Но о ней она тоже старалась не думать, потому что она знала – Наташка молит ее рассказать о фронте.
А Валя молчала.
Весной ей вдруг надоело носить глухой, старушечий платок, которым она прикрывала свою седину. Она коротко постриглась, оставив модную в то время челочку, но, прежде чем снять платок, несколько дней сидела у зеркала и материным пинцетом выдергивала сединки. Выкинув серебрящиеся волосы в мусорное ведро, она почувствовала себя так, словно сбросила холодное оцепенение, которое охватило ее с той минуты, когда на нее упал мертвый Сева. И, кажется, впервые вспомнив о нем, о лесе, она внутренним обостренным зрением не увидела преследовавшей ее огненной точки. Это так обрадовало ее, так развеселило, что она взяла гитару и, уютно устроившись на старом диване, довольно щуря потеплевшие глаза, вполголоса, точно пробуя сама себя, запела свой любимый романс:
Вернись, я все прощу,
Упреки, подозренья…
Она полюбила этот романс в шестом классе, когда переживала первую и единственную свою любовную трагедию. Тогда ей казалось, что десятиклассник, который даже не знал, вероятно, о ее существовании, раскается, придет к ней и скажет какие-то особенные, очень красивые и очень трогательные слова. Но противный десятиклассник не приходил. Он, как точно установила Валя, провожал свою соученицу и подолгу стоял с ней в подъезде дома. Вот тогда-то и полюбила Валя этот печальный, с красивым надрывом романс…

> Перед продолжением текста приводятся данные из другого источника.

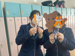 2年生のこども教育コースは、1か月後にある検定に向けて勉強をがんばっています。写真は、保育の授業で作ったものです。ペープサートではそれぞれの個性が出ており、とても楽しい作品になっていました。自分らしさを出しつつ、検定でも力を発揮してほしいです。

Наташка застала ее с гитарой, кошечкой скользнула за ее спину, прижалась к ней и, затаив дыхание, слушала. Валя ощущала ее тепло – нежное, милое. Проникая внутрь, оно согревало ее. Валя замолкла, прислушиваясь к самой себе. Наташка протянула:
– Спой еще…
Валя спела. В комнате сгустились прозрачные, зеленовато-розовые сумерки, и только большое зеркало еще играло бликами заката. Наташка обняла Валю и попросила:
– Расскажи… Расскажи, как ты воевала…
Валя промолчала. Она опять вспомнила лес, метель, трупы с простреленными головами и с папиросами за ушанками. Она опять услышала страшные разрывы пуль: звонкий – в дереве, глухой – в теле. Но огненной точки в затылке уже не было. Это было так радостно, так непривычно, что Валя нарочно, назло себе, все вспоминала и вспоминала лесные картины. Теперь она видела даже то, что не пыталась вспоминать. И все-таки она не решилась рассказать Наташке об этом. Она встряхнулась, пригладила челочку и как можно беспечней сказала:
– Придет время – расскажу, а сейчас пойдем пройдемся.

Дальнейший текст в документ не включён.